BEGIN Records for the task

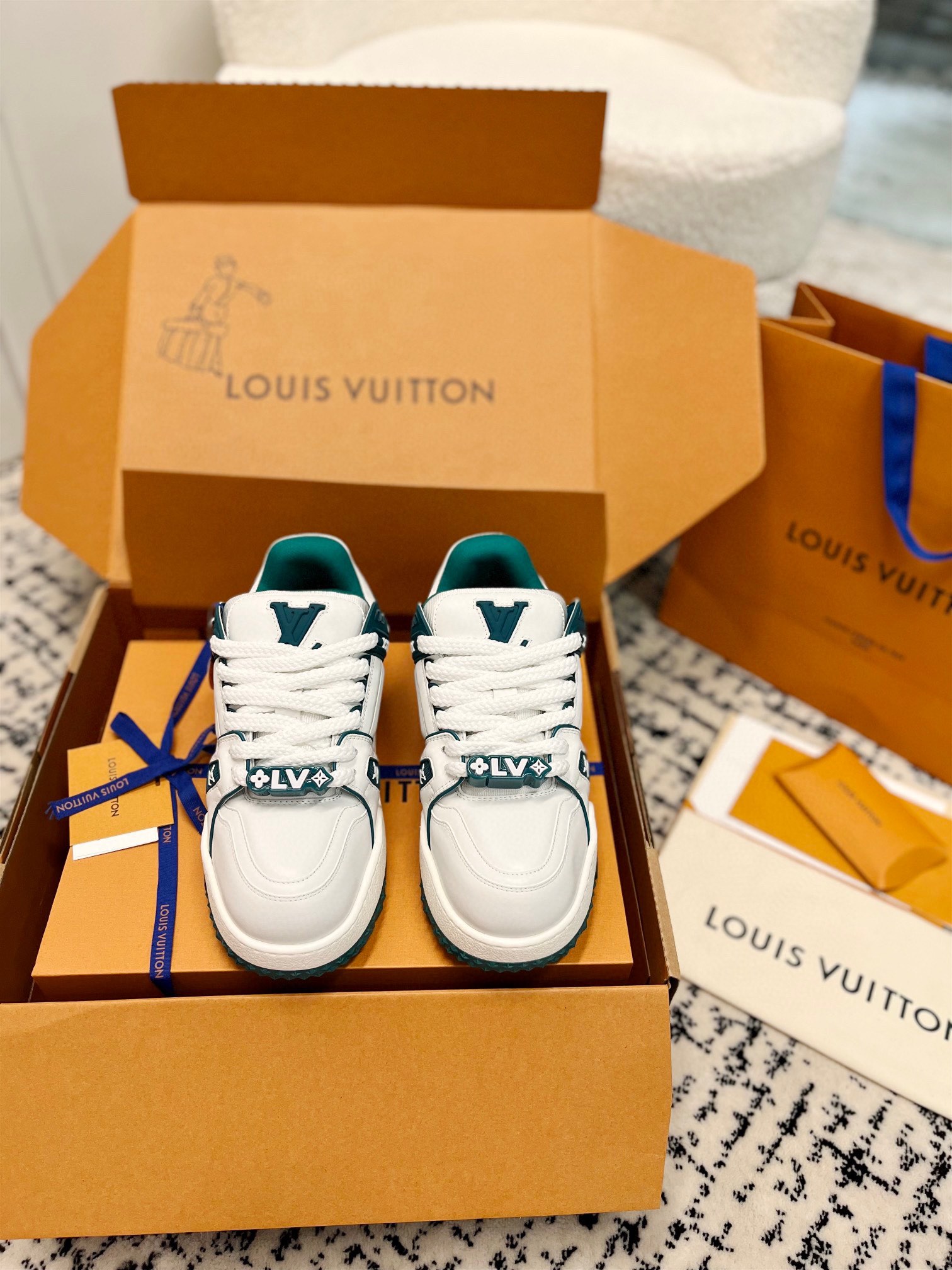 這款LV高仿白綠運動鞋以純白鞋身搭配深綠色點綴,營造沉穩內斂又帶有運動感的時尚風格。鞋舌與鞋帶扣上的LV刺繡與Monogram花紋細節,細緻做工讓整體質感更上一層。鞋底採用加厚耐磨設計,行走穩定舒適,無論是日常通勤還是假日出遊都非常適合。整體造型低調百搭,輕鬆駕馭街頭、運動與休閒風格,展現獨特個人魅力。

END Records for the task
BEGIN Records for the task

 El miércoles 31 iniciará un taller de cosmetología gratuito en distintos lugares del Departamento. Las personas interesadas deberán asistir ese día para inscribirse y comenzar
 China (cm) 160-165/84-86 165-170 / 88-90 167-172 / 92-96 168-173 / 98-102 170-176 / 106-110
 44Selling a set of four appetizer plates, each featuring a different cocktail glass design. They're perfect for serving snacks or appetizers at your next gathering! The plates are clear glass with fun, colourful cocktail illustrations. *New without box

END Records for the task

• _Aim of the task_
Retype exactly the span of lines from the one with "El miércoles 31" through the one with "44Selling a set"; include both ends and omit the rest of the material.

• _Output for this task_
 El miércoles 31 iniciará un taller de cosmetología gratuito en distintos lugares del Departamento. Las personas interesadas deberán asistir ese día para inscribirse y comenzar
 China (cm) 160-165/84-86 165-170 / 88-90 167-172 / 92-96 168-173 / 98-102 170-176 / 106-110
 44Selling a set of four appetizer plates, each featuring a different cocktail glass design. They're perfect for serving snacks or appetizers at your next gathering! The plates are clear glass with fun, colourful cocktail illustrations. *New without box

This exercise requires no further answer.